Synthesizing Fluorescent Dots

Traditional synthesis approaches for fluorescent dots usually require the use of organic solvents, which are effective when it comes to helping in breaking down substances, not to mention facilitating chemical reactions.

Nevertheless, organic solvents can be flammable, carcinogenic, and volatile. They are potentially harmful if mishandled.

What's more is that the fluorescent dots' synthesis is usually time-consuming and multifaceted, demonstrating an assortment of challenges for all-encompassing manufacturing.

The University of Nebraska Medical Center researchers is working though, on a substitute approach. They incorporate a hyaluronic acid, a standard carbohydrate, and particular amino acids, the molecules constituting proteins.

Both components are abundant in the body, and essentially dissolve in water. The latter-mentioned trait contradicts the necessity for poisonous organic solvents.

Combining in Two Naturally Occurring Materials

According to Aaron Mohs, PhD, the study author and an associate professor in the department of pharmaceutical sciences at UNCM, unlike traditional fluorescent dots, the researchers' dots combine two naturally occurring materials.

As specified in Mohs' research, not only does their finding ease the synthesis of nanomaterial, "as we can purify the dots" employing just water, but capitalizes as well, on the biocompatibility of such molecules possibly making them the perfect nanoparticle for a variety of different backgrounds. This recent research of Mohs on fluorescent dots was published in the ACS Omega journal.
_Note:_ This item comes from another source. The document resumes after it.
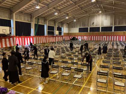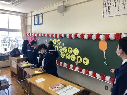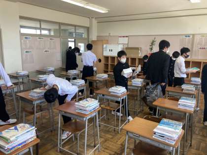 明日の新入生入学に向けて、2年生が教科書類を準備してくれました。教室のお祝い掲示で、教室環境もバッチリです。また、体育館は3年生が式場準備をしてくれました。

Usually, when researchers are making fluorescent particles, they utilize a starting material that comprises fluorescent properties.

Nevertheless, neither amino acids nor hyaluronic acid is particularly fluorescent on its own. For the dots to glow, Mohs and his colleagues have taken advantage of the distinctive chemistry that occurs when the said materials combine.

Hyaluronic Acid

As hyaluronic acid interacts with specific amino acids, the electrons these molecules are sharing can turn confined, affecting the manner the electrons react when exposed to specific light wavelengths.

Such a phenomenon is known as "cross-linked-enhanced" emission. As a result, the dots are glowing blue under specific circumstances, enabling the nanoparticles to be envisioned in cells.

Outside biomedical imaging applications, the study authors wanted to examine if such fluorescent nanoparticles could be utilized to deliver drugs.

Drug Entrapment within the Dot

The researchers had their dots loaded with doxorubicin, a typical cancer chemotherapeutic, and examined its drug-releasing properties and cytotoxic effects.

Compared with the regular doxorubicin, the dots loaded with doxorubicin discharged the drug more slowly in regular drug release assays and exhibited enhanced killing, specifically in breast cancer cells.

According to Deep Bhattacharya, Ph.D., the first study author who is currently a senior scientist at Pfizer, while an appreciable quantity of standard doxorubicin is pumped out of the cells through the so-called drug efflux mechanisms when the drug is entrapped within the dot, "we are likely bypassing" such an effect somewhat.

Such an entrapment in the nanodot allows for an enhanced therapeutic payload and prolonged doxorubicin discharge in cells, Bhattacharya added. 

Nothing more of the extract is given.